◆ AIM OF THE TASK ◆
Copy every record word for word. Pictures are not part of the copy.

◆ INFORMATION GIVEN ◆
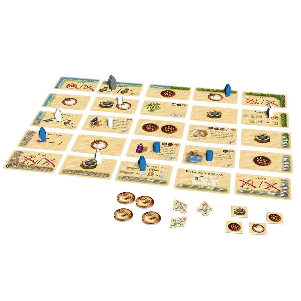 A Targi is a male member of the Tuareg people, who live in the Sahara desert. As tribe leader, you will be trading dates, salt, and pepper to obtain coveted gold coins and advantages. In the game, the desert is a five-by-five grid of cards. Position your Targi figures on the cards that border the desert. You carry out the actions of those cards as well as the cards at the crossroads between them. If you don’t go to the merchant, you won’t be able to trade — and even worse, your opponent will. Or maybe a caravan will bring the merchandise you desire. There are many choices to consider. But don’t wait too long, the desert is harsh and you might miss an opportunity to make a deal. In the next round, a completely different set of offerings will be on the table. The goods cards are the means to the end of getting highly desired tribe cards. These in turn bring advantages during the game and victory points at the end. You can win only if you plan shrewdly and always keep some gold in your pocket
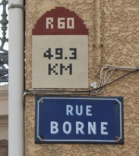 à Sète, la Rue Borne, où il a installé une borne kilométrique avec le
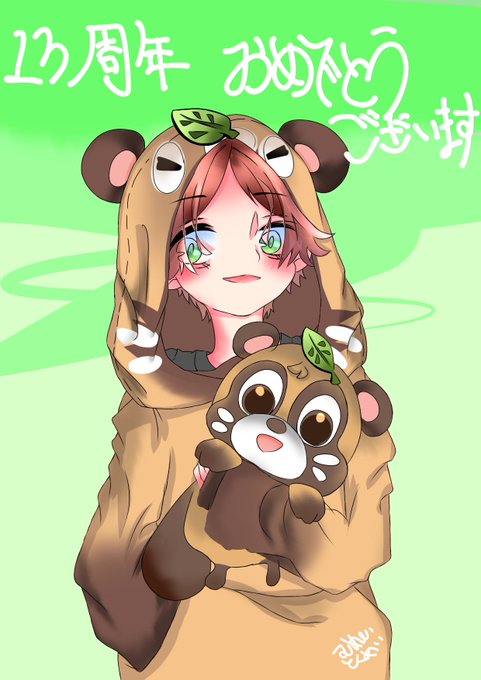 遅ればせながらうらたさん活動13周年おめでとうございます!!!!🎉🎊🎉 これからの活動も笑顔溢れる素敵なものになりますように………!!!!!💚✨✨ #うらたぬき13周年 #うらたぬき活動13周年 #うらたさん活動13周年 #うらたぬ王国の美術館
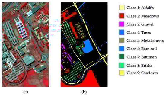 The second data are of the University of Pavia scene collected by the Reflective Optics Spectrographic Imaging System (ROSIS) over a downtown area near the University of Pavia in Italy, with a spatial resolution of 1.3 m. After removing 12 bands with high noise and water absorption, the scene has 103 spectral bands ranging from 0.43 to 0.86 μm, with pixels. Nine ground-truth classes with a total of 42,776 labeled samples are contained in the reference data. Figure 3a,b shows the false-color composite image and the reference map of this scene, respectively.
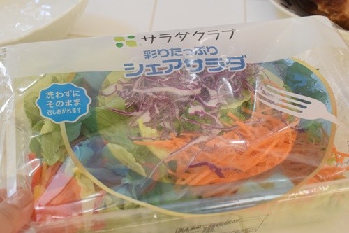 サラダはこちらのカット野菜を買ってきて~400g入り498円。
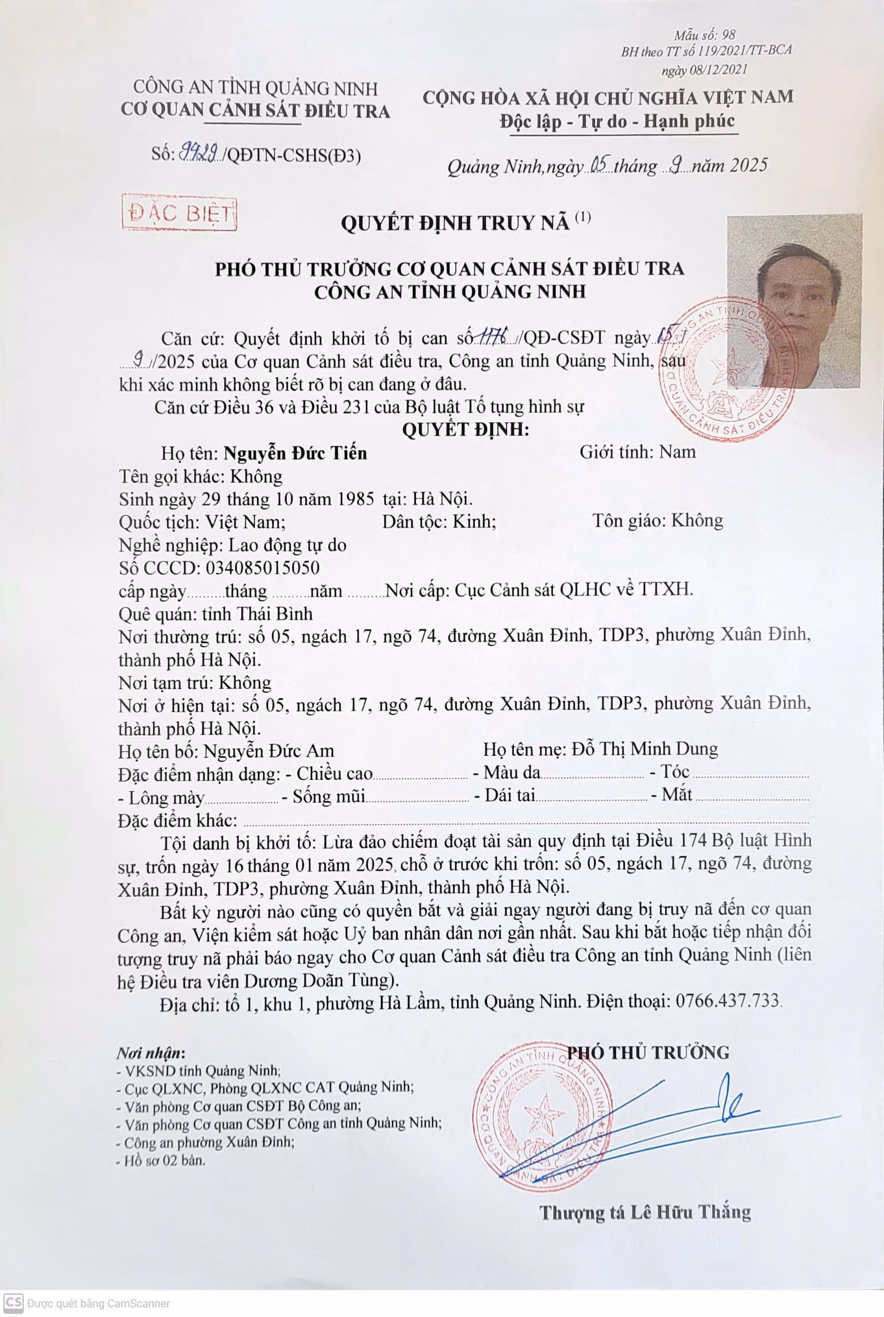 Công an tỉnh Quảng Ninh kêu gọi Nguyễn Đức Tiến nhanh chóng ra đầu thú để được hưởng khoan hồng của pháp luật. Người dân khi phát hiện thông tin về đối tượng truy nã liên hệ Điều tra viên Dương Doãn Tùng, số điện thoại 0766.437.733; đồng thời cảnh báo người dân nâng cao cảnh giác, tuyệt đối không cho mượn hoặc cho thuê tài khoản ngân hàng, không cung cấp thông tin cá nhân cho các đối tượng không rõ lai lịch. Mọi hành vi bao che, giúp đỡ người bị truy nã sẽ bị xử lý nghiêm theo quy định.
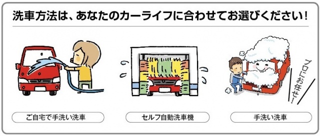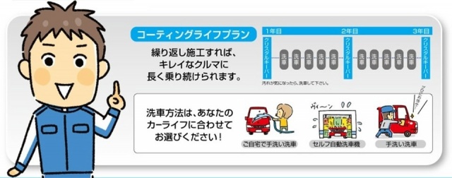A・洗車機での洗車も、お客様ご自身で洗って頂いても、全く問題ありません。できれば洗車後の拭き上げをお願いします。水道水にはミネラルが多く含まれる為、そのまま乾くとシミの原因となります。効果をしっかり発揮する為にシャンプーを使う場合は、コーティング剤や、コンパウンドの入っていないものをご使用下さい。
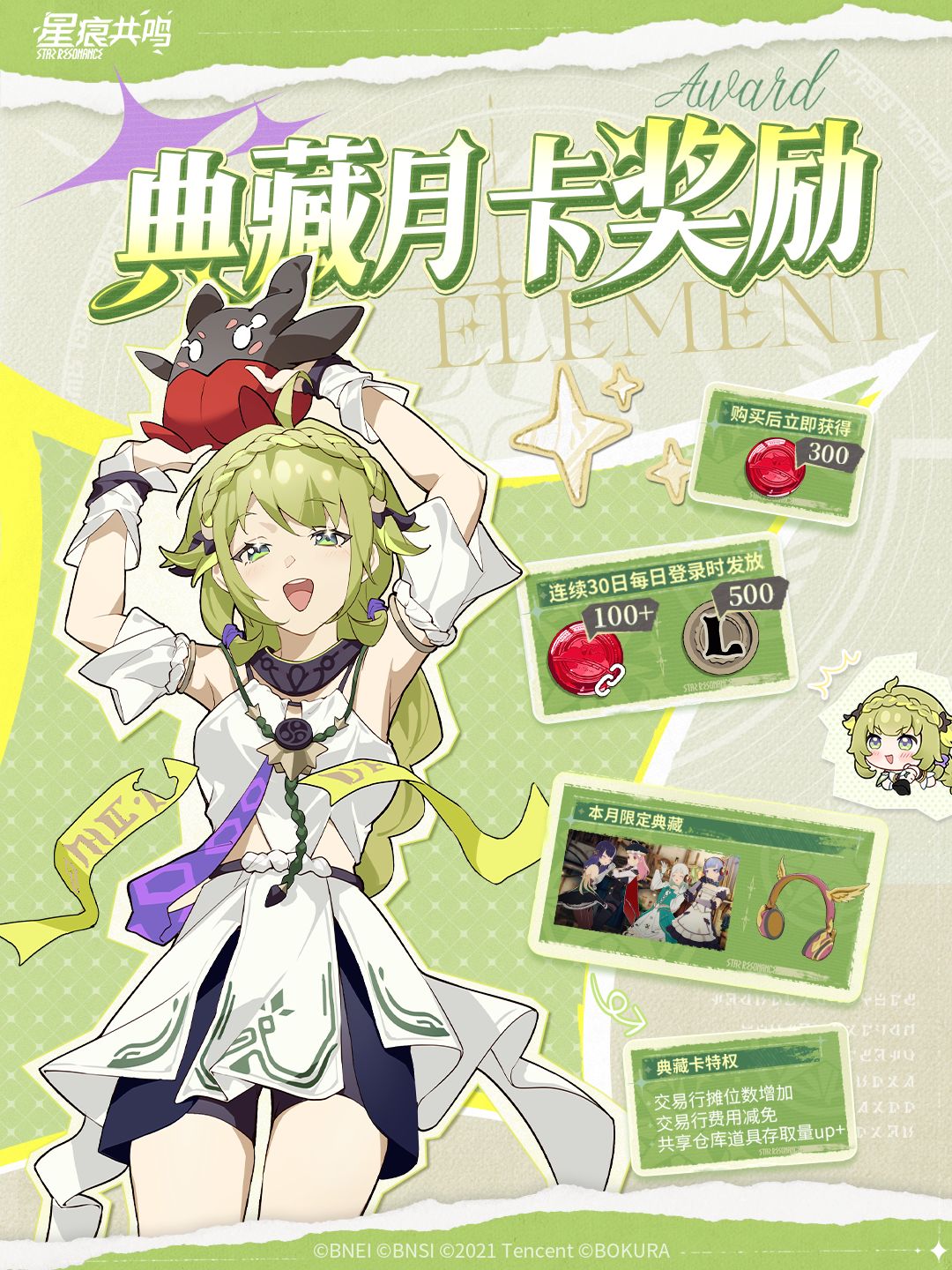 选购典藏月卡,可在未来30个自然日中获取每日奖励,还有月度限定的典藏卡面和可爱饰品送上~希望冒险者喜欢!
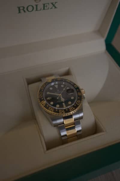 Complete with box and papers this immaculate example is a show stopper! Originally an aviation watch to help manage different time zones, the GMT Master II has since become a highly sought-after icon!

◆ ANSWER SECTION ◆
 A Targi is a male member of the Tuareg people, who live in the Sahara desert. As tribe leader, you will be trading dates, salt, and pepper to obtain coveted gold coins and advantages. In the game, the desert is a five-by-five grid of cards. Position your Targi figures on the cards that border the desert. You carry out the actions of those cards as well as the cards at the crossroads between them. If you don’t go to the merchant, you won’t be able to trade — and even worse, your opponent will. Or maybe a caravan will bring the merchandise you desire. There are many choices to consider. But don’t wait too long, the desert is harsh and you might miss an opportunity to make a deal. In the next round, a completely different set of offerings will be on the table. The goods cards are the means to the end of getting highly desired tribe cards. These in turn bring advantages during the game and victory points at the end. You can win only if you plan shrewdly and always keep some gold in your pocket
 à Sète, la Rue Borne, où il a installé une borne kilométrique avec le
 遅ればせながらうらたさん活動13周年おめでとうございます!!!!🎉🎊🎉 これからの活動も笑顔溢れる素敵なものになりますように………!!!!!💚✨✨ #うらたぬき13周年 #うらたぬき活動13周年 #うらたさん活動13周年 #うらたぬ王国の美術館
 The second data are of the University of Pavia scene collected by the Reflective Optics Spectrographic Imaging System (ROSIS) over a downtown area near the University of Pavia in Italy, with a spatial resolution of 1.3 m. After removing 12 bands with high noise and water absorption, the scene has 103 spectral bands ranging from 0.43 to 0.86 μm, with pixels. Nine ground-truth classes with a total of 42,776 labeled samples are contained in the reference data. Figure 3a,b shows the false-color composite image and the reference map of this scene, respectively.
 サラダはこちらのカット野菜を買ってきて~400g入り498円。
 Công an tỉnh Quảng Ninh kêu gọi Nguyễn Đức Tiến nhanh chóng ra đầu thú để được hưởng khoan hồng của pháp luật. Người dân khi phát hiện thông tin về đối tượng truy nã liên hệ Điều tra viên Dương Doãn Tùng, số điện thoại 0766.437.733; đồng thời cảnh báo người dân nâng cao cảnh giác, tuyệt đối không cho mượn hoặc cho thuê tài khoản ngân hàng, không cung cấp thông tin cá nhân cho các đối tượng không rõ lai lịch. Mọi hành vi bao che, giúp đỡ người bị truy nã sẽ bị xử lý nghiêm theo quy định.
A・洗車機での洗車も、お客様ご自身で洗って頂いても、全く問題ありません。できれば洗車後の拭き上げをお願いします。水道水にはミネラルが多く含まれる為、そのまま乾くとシミの原因となります。効果をしっかり発揮する為にシャンプーを使う場合は、コーティング剤や、コンパウンドの入っていないものをご使用下さい。
 选购典藏月卡,可在未来30个自然日中获取每日奖励,还有月度限定的典藏卡面和可爱饰品送上~希望冒险者喜欢!
 Complete with box and papers this immaculate example is a show stopper! Originally an aviation watch to help manage different time zones, the GMT Master II has since become a highly sought-after icon!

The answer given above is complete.